This exercise requires an exact output of the listing, images omitted.

----

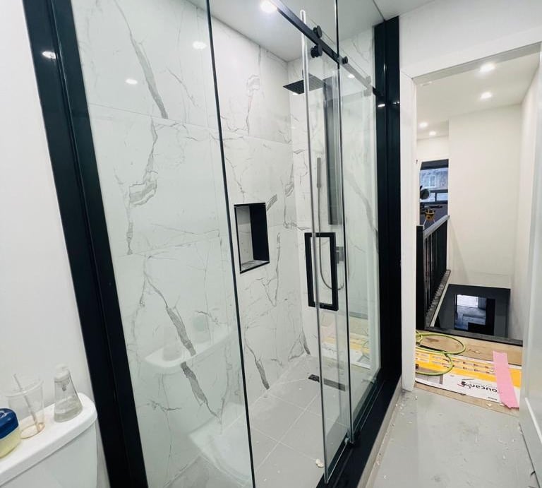 This Glass Shower and Tile Renovation transforms the bathroom into a modern, luxurious retreat. The project features a custom frameless glass shower enclosure paired with beautifully selected tiles that enhance both style and functionality. Every detail, from precise tile placement to the flawless glass installation, was executed with care, creating a clean, elegant, and durable space that elevates the overall look and feel of the bathroom.
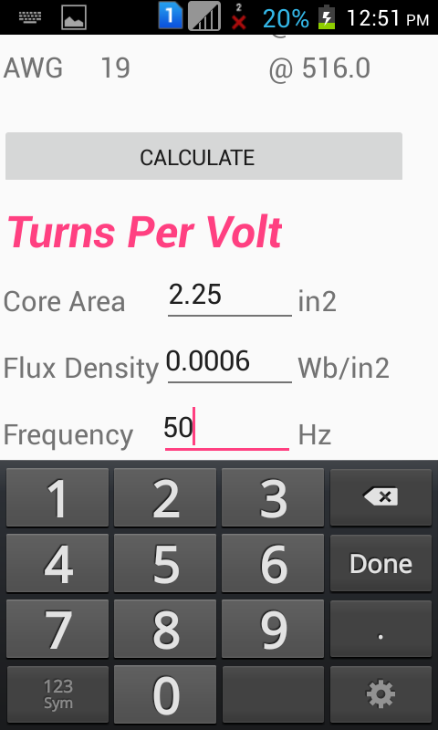 このアプリは、SWG / AWG番号や変圧器のための「ボルト当たりのターン」を算出します。
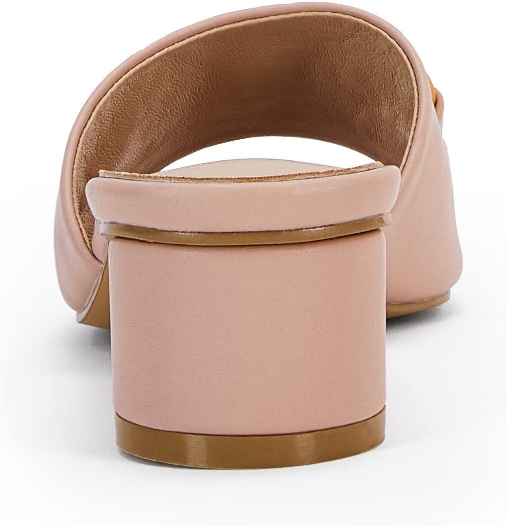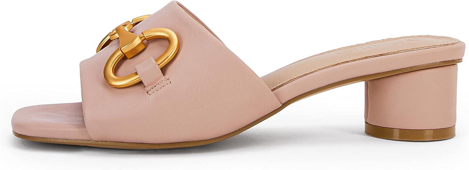 Coutgo Women’s Slide Sandals Square Open Toe Slip on Comfortable Mules Block Low Heel Metal Chain Dressy Shoes(Light Pink)
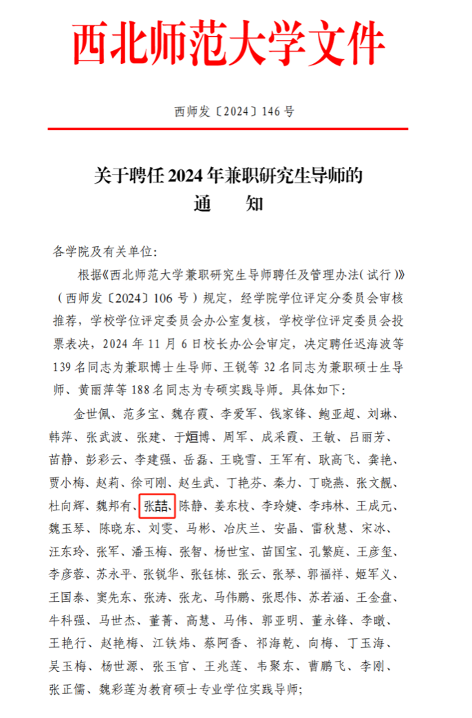 近日,西北师范大学公布了《关于聘任2024年兼职研究生导师的通知》,beat365在线唯一官网马克思主义学院张喆副教授受聘为西北师范大学校外兼职硕士研究生导师(教育学专业硕士实践导师)。
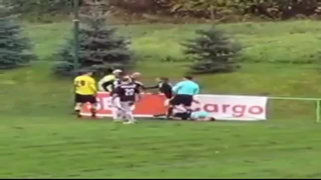 В Сети появилось видео инцидента, произошедшего на 36-й минуте матча, в котором команда известного в России футболиста встречалась с клубом "Высоке Мито". Разъяренный защитник повалил арбитра на землю и стал избивать его ногами после стычки с игроком команды соперника.

----

• Task answer:
 This Glass Shower and Tile Renovation transforms the bathroom into a modern, luxurious retreat. The project features a custom frameless glass shower enclosure paired with beautifully selected tiles that enhance both style and functionality. Every detail, from precise tile placement to the flawless glass installation, was executed with care, creating a clean, elegant, and durable space that elevates the overall look and feel of the bathroom.
 このアプリは、SWG / AWG番号や変圧器のための「ボルト当たりのターン」を算出します。
 Coutgo Women’s Slide Sandals Square Open Toe Slip on Comfortable Mules Block Low Heel Metal Chain Dressy Shoes(Light Pink)
 近日,西北师范大学公布了《关于聘任2024年兼职研究生导师的通知》,beat365在线唯一官网马克思主义学院张喆副教授受聘为西北师范大学校外兼职硕士研究生导师(教育学专业硕士实践导师)。
 В Сети появилось видео инцидента, произошедшего на 36-й минуте матча, в котором команда известного в России футболиста встречалась с клубом "Высоке Мито". Разъяренный защитник повалил арбитра на землю и стал избивать его ногами после стычки с игроком команды соперника.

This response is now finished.